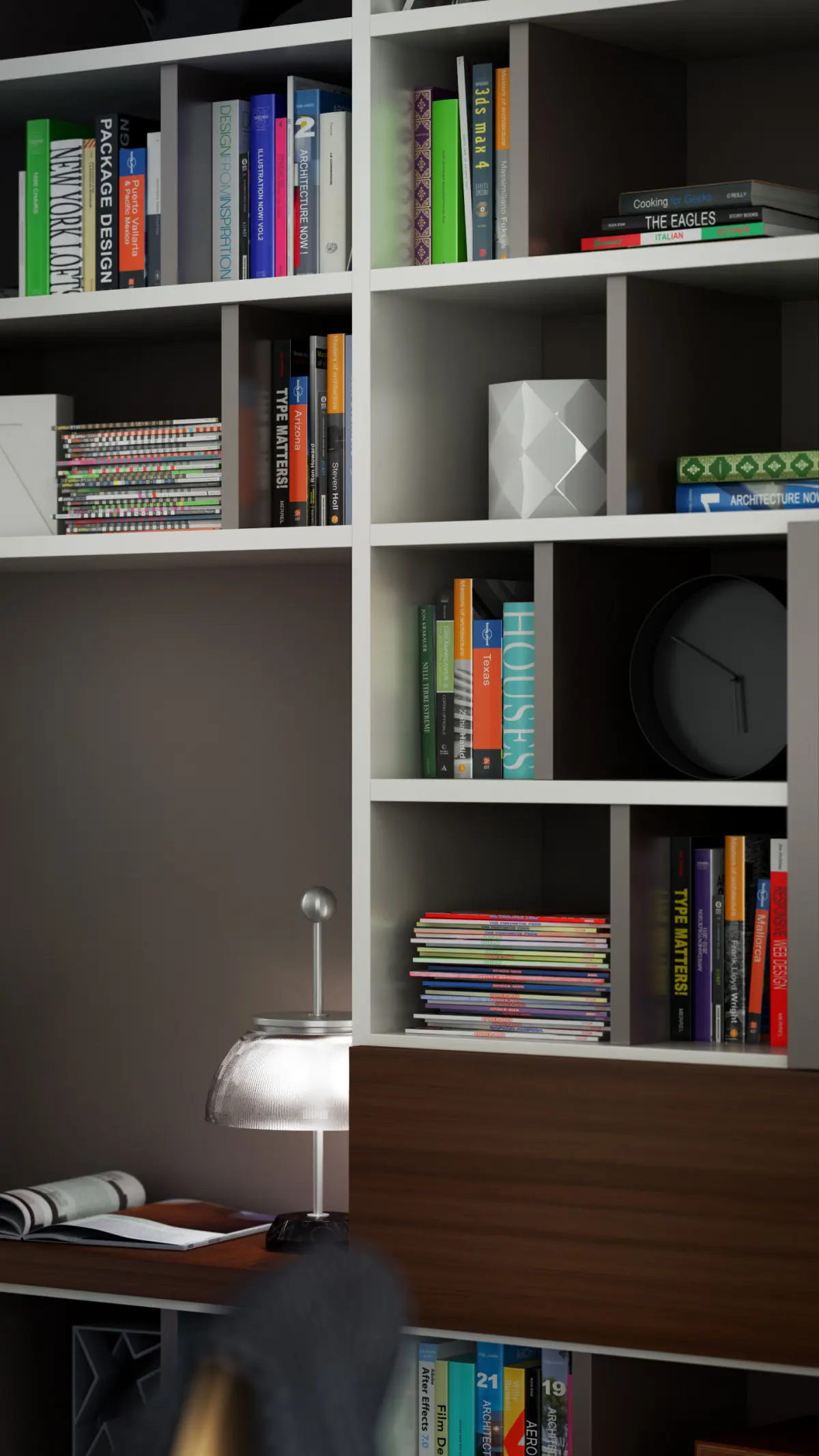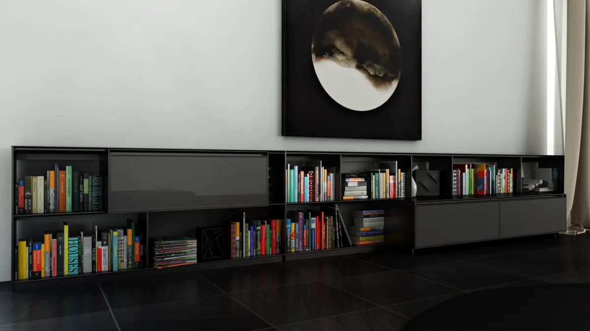 In the model there aren't scenes, bookcases and various objects.
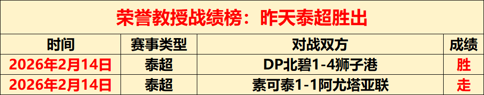 昨天泰超取胜,2场不败,最高打下14连胜的表现已见证实力。各线赛事都能保证清晰的解读思路与靠谱的选择方向!截至昨天荣誉教授已经有4690场解读经验,今天继续精选5场,多元化的赛事系列,以更高连胜胜利率绩迎接5000场记录来临,关注荣誉教授,成为荣誉教授的好伙伴!
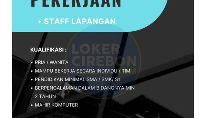 Apakah Anda seorang profesional yang menyukai tantangan kerja dinamis di luar ruangan? PT Tri Bangun Bersatu sedang memberikan kesempatan bagi talenta-talenta berdedikasi untuk bergabung dalam tim kami sebagai Staff Lapangan. Kami mencari individu yang siap bekerja keras, teliti, dan memiliki integritas tinggi untuk mendukung operasional perusahaan di wilayah Cirebon.
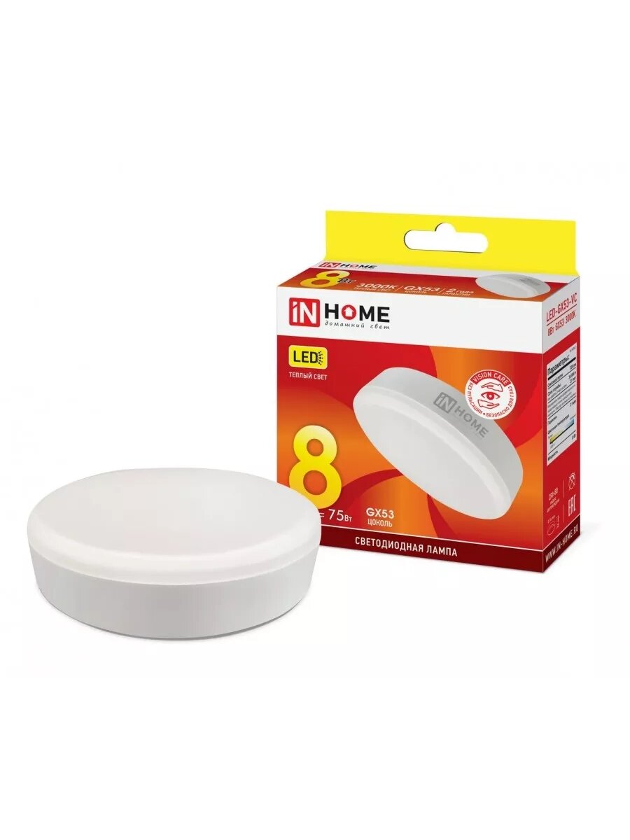Отзывы на (3 шт.) Светодиодная лампочка ASD/inHome VC GX53 св/д 8W(720lm) 3000К 3K 74x24 (без пульсации) 0723 Нейтральный белый. Цоколь GX53
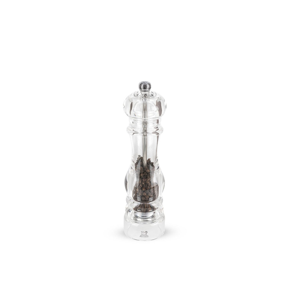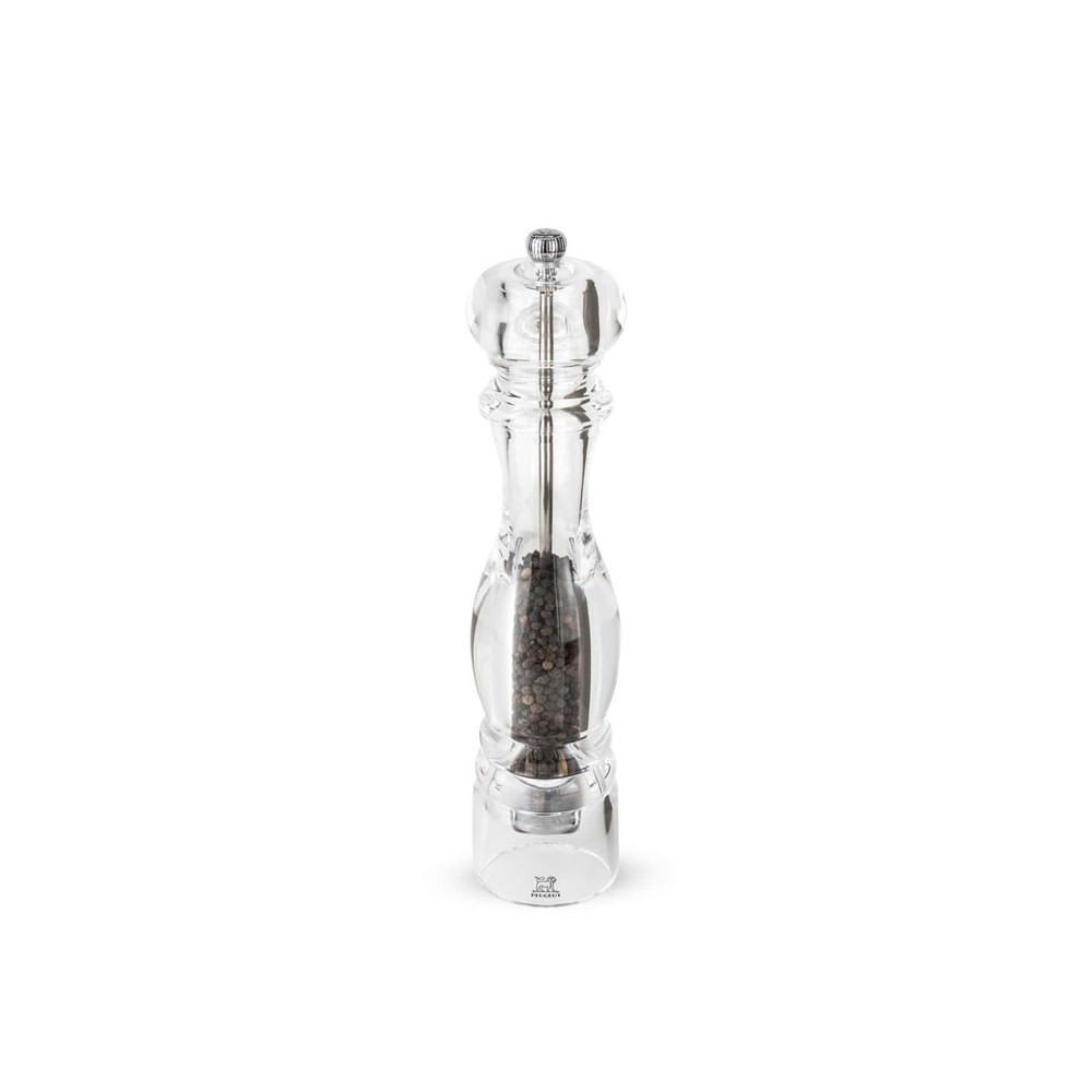 Le moulin à poivre de la collection NANCY est fabriqué en France par Peugeot Saveurs. Très ergonomique et facile d'utilisation, ce moulin a un mécanisme de mouture très apprécié par les chefs du monde entier. En acrylique, il plait beaucoup de par son élégance, mais également de par sa transparence, qui permet de voir le niveau de poivre à l'intérieur, ce qui apporte un très beau contraste avec le moulin.

------------

Exercise:
Exact repeat of the material above: every line from the one with "昨天泰超取胜,2场不败,最高" through the one with "Apakah Anda seorang", endpoints included, and nothing more. No pictures.

Exercise answer:
 昨天泰超取胜,2场不败,最高打下14连胜的表现已见证实力。各线赛事都能保证清晰的解读思路与靠谱的选择方向!截至昨天荣誉教授已经有4690场解读经验,今天继续精选5场,多元化的赛事系列,以更高连胜胜利率绩迎接5000场记录来临,关注荣誉教授,成为荣誉教授的好伙伴!
 Apakah Anda seorang profesional yang menyukai tantangan kerja dinamis di luar ruangan? PT Tri Bangun Bersatu sedang memberikan kesempatan bagi talenta-talenta berdedikasi untuk bergabung dalam tim kami sebagai Staff Lapangan. Kami mencari individu yang siap bekerja keras, teliti, dan memiliki integritas tinggi untuk mendukung operasional perusahaan di wilayah Cirebon.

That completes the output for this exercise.